What's good about it?
Quits swiftly.
Bravo Romeo Delta (1993)
Made by: Frankenstein Software
Reviewed in: PCG 023
Score: 3%
What's wrong with it?
The first thing I did in Bravo Romeo Delta is nuke the White House. I don't know what the second thing was, because this game's UI consists of four screens and every single one of them is absolutely unparseable. It's a Cold War sim—a kind of proto-Defcon—that puts you in charge of either the US or USSR's nuclear arsenal and charges you with… well, I guess I don't know what it charges you with.
This is a game too antediluvian to have anything like a tutorial. Everything was likely explained in its manual, now lost to time. It also has almost no artwork and even less sound: the decision to dump 30 nuclear bombs across strategic targets in the US is accompanied only by a minor blip, like you're inputting your PIN at an ATM.
This is a strange one, because Bravo Romeo Delta is exactly the kind of thing I'd get super into if it had literally any grippable surface for me to latch onto. As it is, I'm just a monkey at a typewriter that happens to be connected to several thousand nuclear warheads, bashing around aimlessly and without thought, accidentally extinguishing millions, perhaps billions of lives as I try to find my way from the Nuclear Strike Plan Generator screen to the Command Control Communications screen. Is Belgium gone? I think I just got rid of Belgium.
What's good about it?
All the things that are bad about it are, I'm pretty sure, also good. This feels like a Paradox-before-Paradox game to me, just a rat's nest of information and weird UI that probably obscures some kind of really cool simulation. Selecting a target and scrolling through a list of different nukes like you're choosing what to wear to prom is honestly kind of impressive in the way it captures the strange, detached evil of nuclear weapons. I just wish I had any idea what the buttons I'm hitting meant.
Plumbers Don't Wear Ties
Made by: United Pixtures
Reviewed in: PCG 008
Score: 3%
What's wrong with it?
For reasons they will one day have to justify before our father in heaven, Limited Run Games recently announced a remaster of Plumbers Don't Wear Ties (1993), an FMV comedy dating sim that consists almost entirely of still images overdubbed by voice actors recording their lines into a phone.

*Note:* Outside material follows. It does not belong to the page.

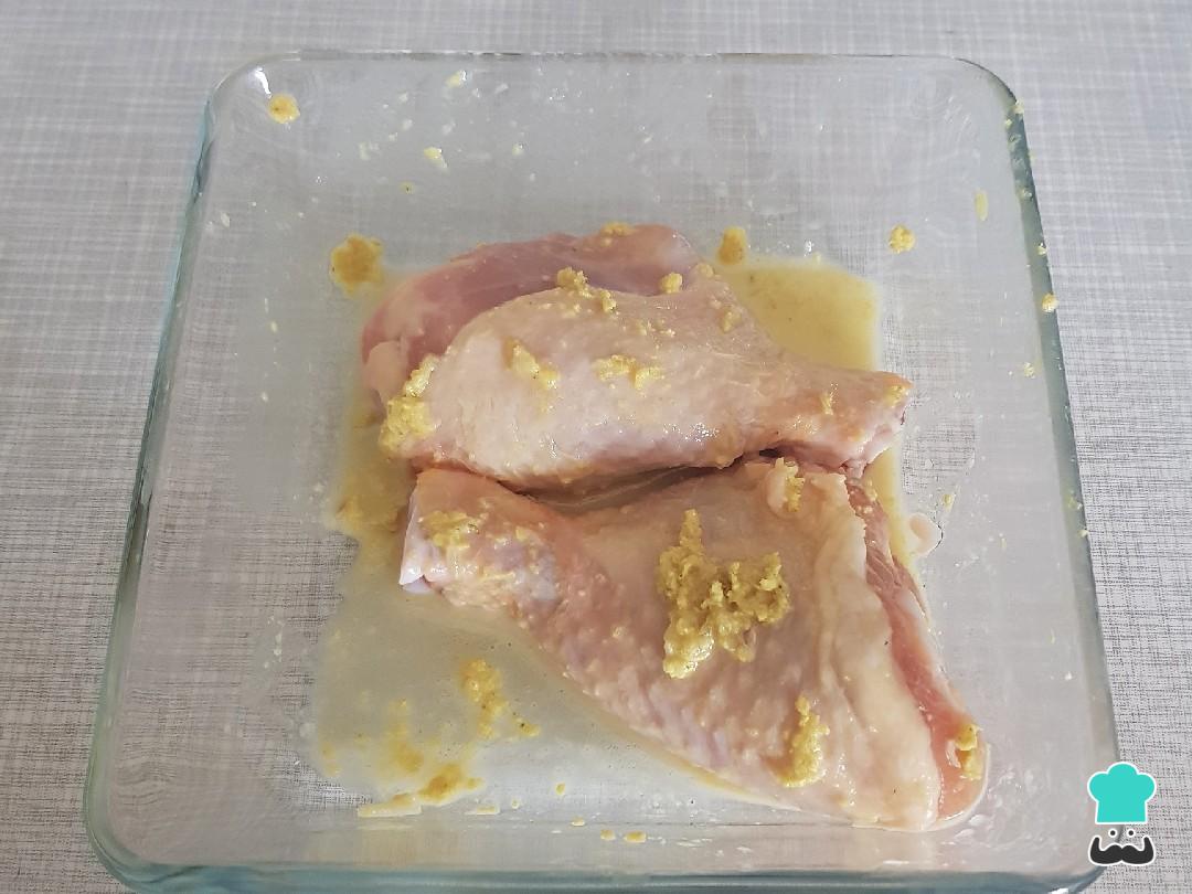 Antes de levar ao forno, preaquecido a cerca de 200°C, adicione o vinho e a margarina por cima das perninhas.

To be fair, you could easily make a game fitting that description and have it become one of my favourites of all time, but Plumbers Don't Wear Ties is dire. It's a loose assemblage of dull tropes and bad jokes stuffed into something that is, I suppose, technically a videogame. The only input a player has is choosing which riveting route the storyline will follow, making it a kind of awkward choose-your-own-adventure that will, if you play your cards right, sometimes yield an image of an actor in their underwear. According to legend, PC Gamer of yore called it "irksome and yobbishly executed pseudo-pornographic photo story with the wit and charm of an elephant's arse," so there's room for improvement in the new version.
What's good about it?
It kind of sucks? I mean that in a positive way. It's undoubtedly a terrible and slovenly game, if game is even the right word, but I can't help but find something charming about how incredibly subpar it is. The only bit of actual FMV in the game consists of an underpaid and questionably talented actress at the very beginning, reading lines off a cue card against the unironed bed sheet the devs used as a backdrop.
It is artless in a way that even everyday life is not artless, like someone has gone in and carefully constructed the worst thing possible. It might sound strange, but it's kind of a pleasure to witness in the same way a technically accomplished painting is. You just don't see this kind of low quality every day. This level of talentlessness takes talent. Now that I think about it, I can't wait for the remaster.